The required copy runs from the first line of the material through the line containing "Bracelet en argent 925/000 rhodié et cristal.", exactly as written and without pictures.
====== RECORDED INFORMATION
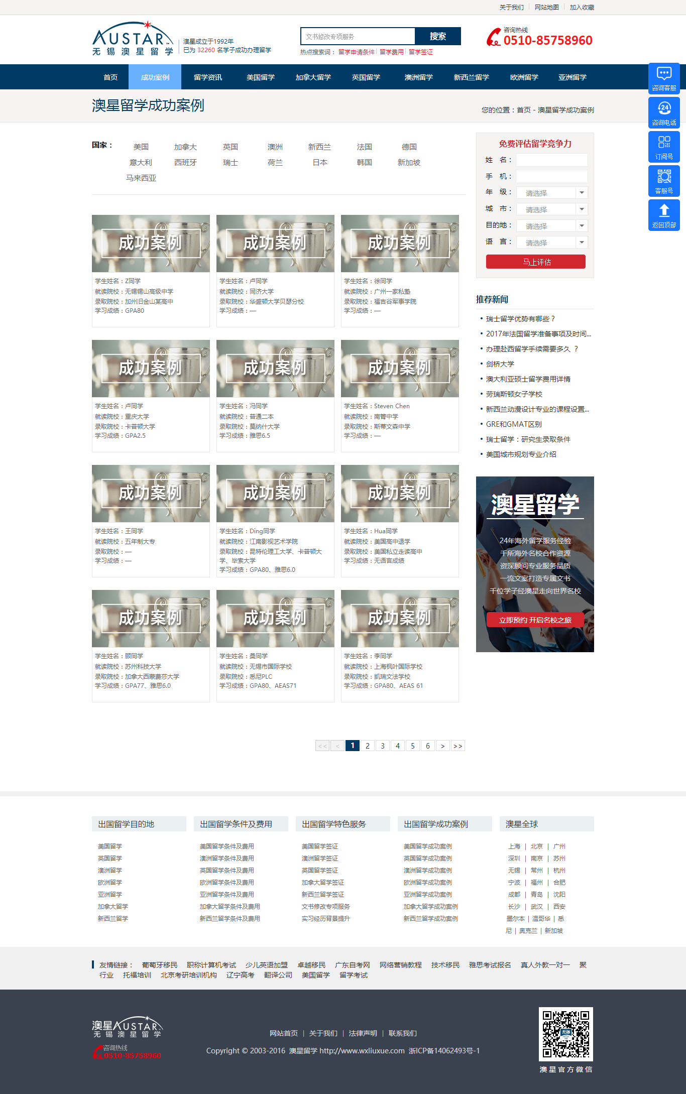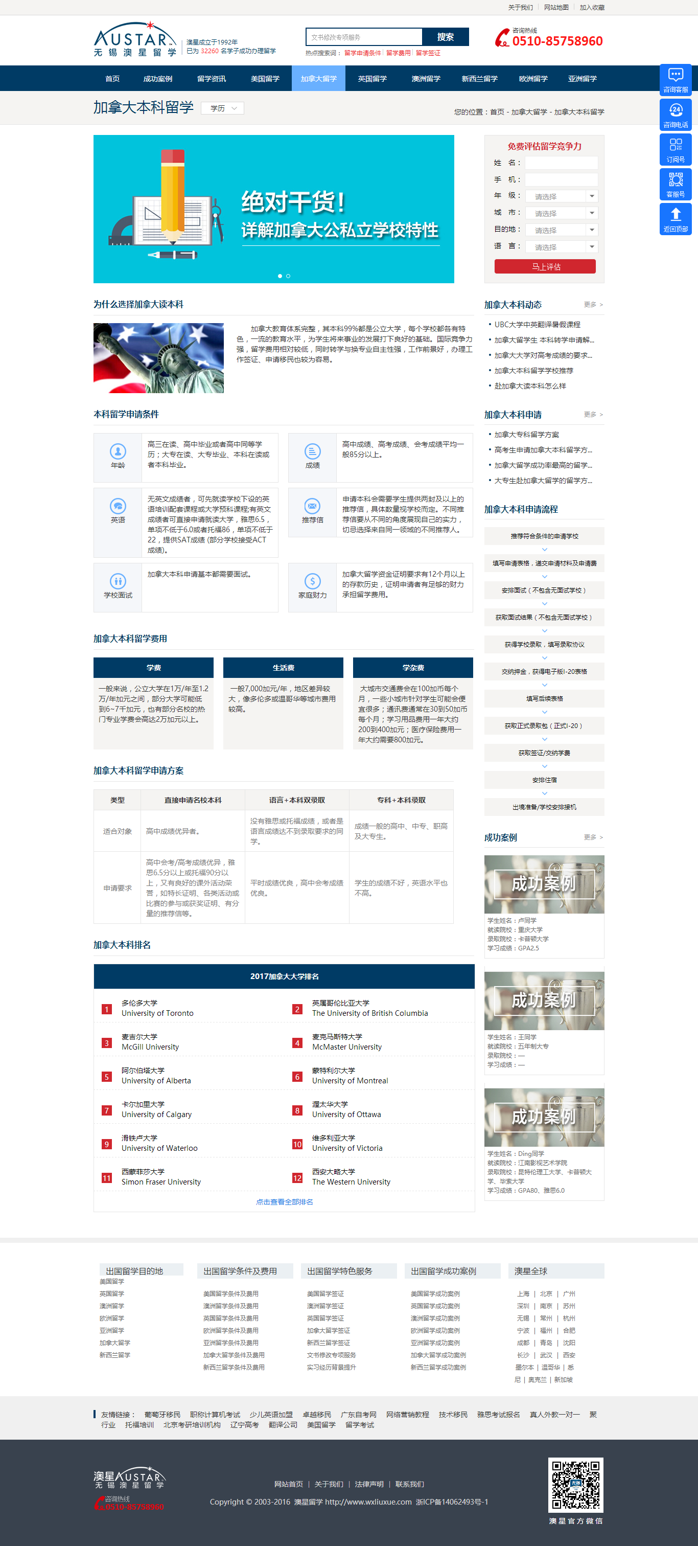 無錫澳星留學(xué),全稱北京澳星留學(xué)咨詢有限公司無錫分公司,是澳星品牌旗下專業(yè)從事出國留學(xué)的服務(wù)機(jī)構(gòu),其前身是創(chuàng)辦于1999年的北京環(huán)宇匯才出國留學(xué)咨詢有限責(zé)任公司(教外綜資認(rèn)字【2004】307號(hào))。公司留學(xué)業(yè)務(wù)覆蓋范圍廣泛,提供包括留學(xué)咨詢、留學(xué)規(guī)劃、考試指導(dǎo)、專業(yè)選擇、學(xué)校申請、文書指導(dǎo)、簽證辦理、接機(jī)住宿等多樣化留學(xué)一站式服務(wù)。秉承"專業(yè)、專心、專一"的服務(wù)理念,已成功幫助數(shù)千學(xué)生實(shí)現(xiàn)出國留學(xué)的夢想。
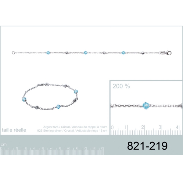Bracelet en argent 925/000 rhodié et cristal.
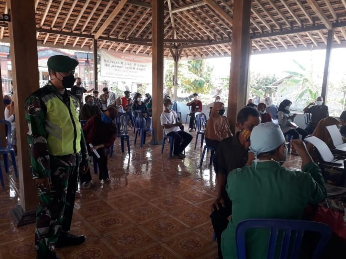 Demi menjaga keamanan dan pelaksanaan vaksinasi Covid-19 masyarakat di desa binaannya, personel Babinsa bersama aparat lain seperti Polsek, Satpol PP aktif membantu tim medis, serta memberikan pemahaman kepada masyarakat bahwa vaksinasi pasti aman dan halal untuk digunakan.
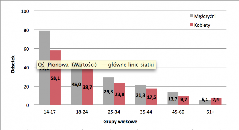 Podstawową drogą zakażenia HIV są kontakty seksualne. Wbrew stereotypowym przekonaniom osoby w wieku 50+ potrafią być w tej sferze równie aktywne, co ludzie młodzi. Wiele osób po 50-tce niedawno straciło partnera albo zdecydowało się na rozwód. Często zawierają nowe znajomości i wchodzą w nowe relacje, również o charakterze seksualnym. Nie mają jednak niezbędnej wiedzy na temat bezpiecznego seksu i nie zawsze są świadome, jak ważne jest regularne testowanie się i rozmowa z lekarzem. Z badań National Survey of Sexual Health and Behavior wynika, że single w wieku dojrzałym wykazują większą skłonność do nieodpowiedzialnych zachowań seksualnych niż osoby młodsze. Ponieważ nie muszą się już przejmować niechcianą ciążą, niechętnie używają prezerwatyw i nie postrzegają seksu bez zabezpieczenia jako zachowania ryzykownego. W efekcie, w grupie wiekowej 45-60 prezerwatywy stosowane są w zaledwie co 10 akcie seksualnym. Wśród osób powyżej 60 r.ż. odsetek ten jest jeszcze niższy (ryc. 1).
============
SOLUTION TO THE PROBLEM =
 無錫澳星留學(xué),全稱北京澳星留學(xué)咨詢有限公司無錫分公司,是澳星品牌旗下專業(yè)從事出國留學(xué)的服務(wù)機(jī)構(gòu),其前身是創(chuàng)辦于1999年的北京環(huán)宇匯才出國留學(xué)咨詢有限責(zé)任公司(教外綜資認(rèn)字【2004】307號(hào))。公司留學(xué)業(yè)務(wù)覆蓋范圍廣泛,提供包括留學(xué)咨詢、留學(xué)規(guī)劃、考試指導(dǎo)、專業(yè)選擇、學(xué)校申請、文書指導(dǎo)、簽證辦理、接機(jī)住宿等多樣化留學(xué)一站式服務(wù)。秉承"專業(yè)、專心、專一"的服務(wù)理念,已成功幫助數(shù)千學(xué)生實(shí)現(xiàn)出國留學(xué)的夢想。
Bracelet en argent 925/000 rhodié et cristal.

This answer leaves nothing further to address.